- [RECORDS FOR THIS EXERCISE]:
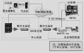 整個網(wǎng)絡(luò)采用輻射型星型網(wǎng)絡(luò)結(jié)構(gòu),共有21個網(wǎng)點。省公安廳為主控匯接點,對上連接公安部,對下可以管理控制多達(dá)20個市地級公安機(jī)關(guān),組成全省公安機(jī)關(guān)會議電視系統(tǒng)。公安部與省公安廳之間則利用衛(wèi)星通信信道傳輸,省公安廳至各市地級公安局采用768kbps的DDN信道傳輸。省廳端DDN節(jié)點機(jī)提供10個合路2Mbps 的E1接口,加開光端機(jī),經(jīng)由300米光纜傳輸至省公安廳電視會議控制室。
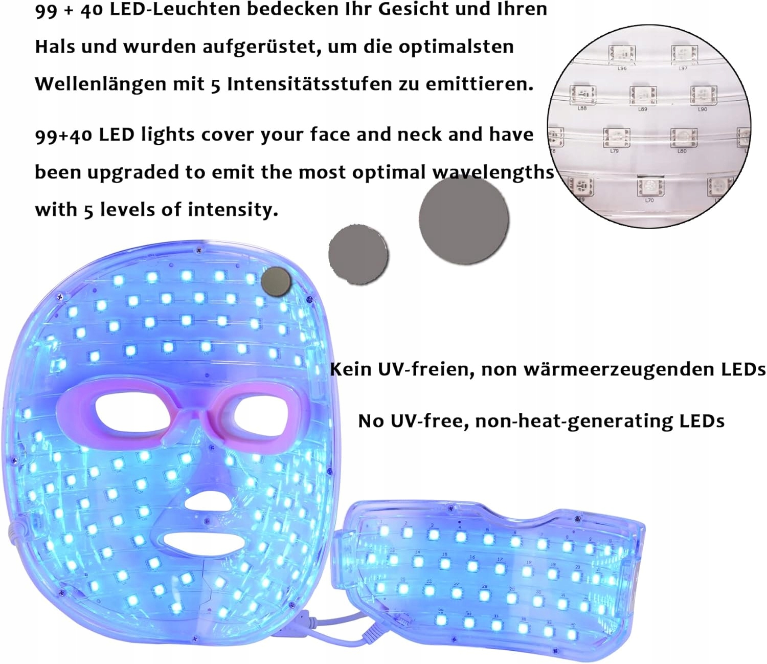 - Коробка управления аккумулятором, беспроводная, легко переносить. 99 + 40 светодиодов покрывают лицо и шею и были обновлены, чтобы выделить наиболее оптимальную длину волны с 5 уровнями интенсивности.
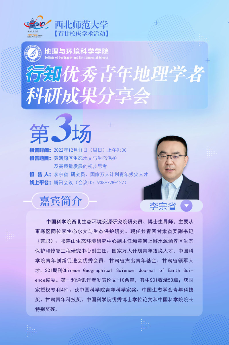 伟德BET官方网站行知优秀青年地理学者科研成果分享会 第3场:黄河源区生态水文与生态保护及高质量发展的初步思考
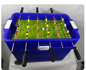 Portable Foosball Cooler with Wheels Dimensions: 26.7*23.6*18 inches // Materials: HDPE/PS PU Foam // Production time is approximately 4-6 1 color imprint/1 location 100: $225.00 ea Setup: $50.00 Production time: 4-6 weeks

---

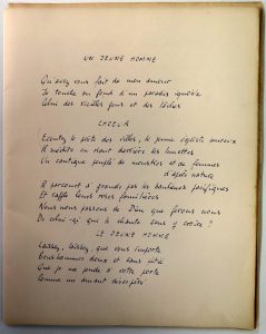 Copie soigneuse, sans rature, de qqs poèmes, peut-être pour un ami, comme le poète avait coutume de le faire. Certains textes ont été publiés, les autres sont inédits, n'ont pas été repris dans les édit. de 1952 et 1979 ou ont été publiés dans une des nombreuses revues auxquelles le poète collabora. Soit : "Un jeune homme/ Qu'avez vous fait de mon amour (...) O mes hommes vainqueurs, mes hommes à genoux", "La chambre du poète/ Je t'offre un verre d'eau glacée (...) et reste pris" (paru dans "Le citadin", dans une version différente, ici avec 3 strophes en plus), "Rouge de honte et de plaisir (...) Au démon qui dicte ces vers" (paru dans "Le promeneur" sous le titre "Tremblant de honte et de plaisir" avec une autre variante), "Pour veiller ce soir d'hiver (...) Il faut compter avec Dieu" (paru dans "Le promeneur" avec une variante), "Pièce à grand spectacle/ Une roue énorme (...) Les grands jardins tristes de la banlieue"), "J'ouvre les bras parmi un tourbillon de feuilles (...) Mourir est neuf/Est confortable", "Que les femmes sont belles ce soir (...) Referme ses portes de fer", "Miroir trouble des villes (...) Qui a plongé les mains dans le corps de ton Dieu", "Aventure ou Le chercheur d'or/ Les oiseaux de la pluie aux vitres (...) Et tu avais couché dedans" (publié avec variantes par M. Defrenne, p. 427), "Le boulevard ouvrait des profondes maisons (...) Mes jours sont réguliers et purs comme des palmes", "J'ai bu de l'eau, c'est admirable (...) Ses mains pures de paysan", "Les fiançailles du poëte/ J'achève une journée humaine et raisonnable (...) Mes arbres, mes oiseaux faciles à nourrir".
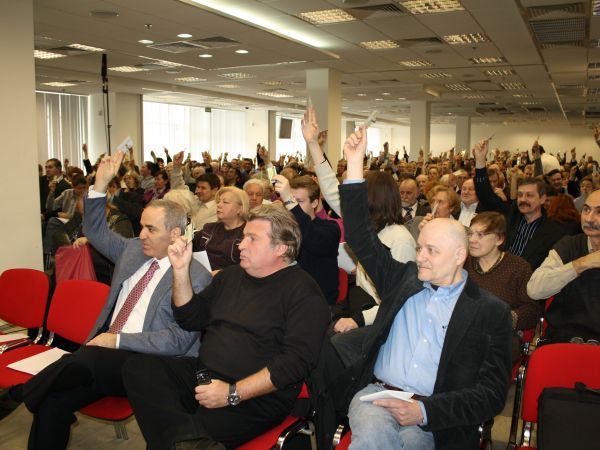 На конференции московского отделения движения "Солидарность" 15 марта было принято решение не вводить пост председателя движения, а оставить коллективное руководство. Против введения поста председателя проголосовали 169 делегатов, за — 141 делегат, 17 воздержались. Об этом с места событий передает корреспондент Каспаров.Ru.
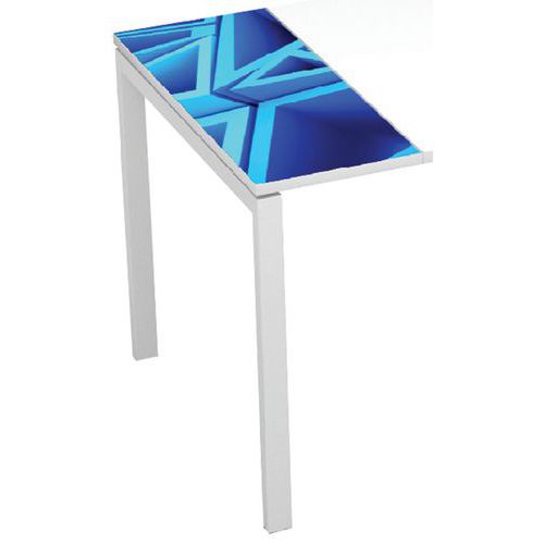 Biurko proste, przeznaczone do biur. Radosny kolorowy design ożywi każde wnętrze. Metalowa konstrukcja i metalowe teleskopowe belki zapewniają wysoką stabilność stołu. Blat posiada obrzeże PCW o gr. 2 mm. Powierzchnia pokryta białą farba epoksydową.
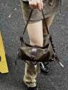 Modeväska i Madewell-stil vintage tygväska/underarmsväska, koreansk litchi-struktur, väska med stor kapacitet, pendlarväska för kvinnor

- [TASK INSTRUCTIONS]:
Look above for the line with "- Коробка управления" and the line with "Portable Foosball Cooler", then restate exactly those two lines and all lines between them, with no pictures.

- [EXERCISE ANSWER]:
 - Коробка управления аккумулятором, беспроводная, легко переносить. 99 + 40 светодиодов покрывают лицо и шею и были обновлены, чтобы выделить наиболее оптимальную длину волны с 5 уровнями интенсивности.
 伟德BET官方网站行知优秀青年地理学者科研成果分享会 第3场:黄河源区生态水文与生态保护及高质量发展的初步思考
 Portable Foosball Cooler with Wheels Dimensions: 26.7*23.6*18 inches // Materials: HDPE/PS PU Foam // Production time is approximately 4-6 1 color imprint/1 location 100: $225.00 ea Setup: $50.00 Production time: 4-6 weeks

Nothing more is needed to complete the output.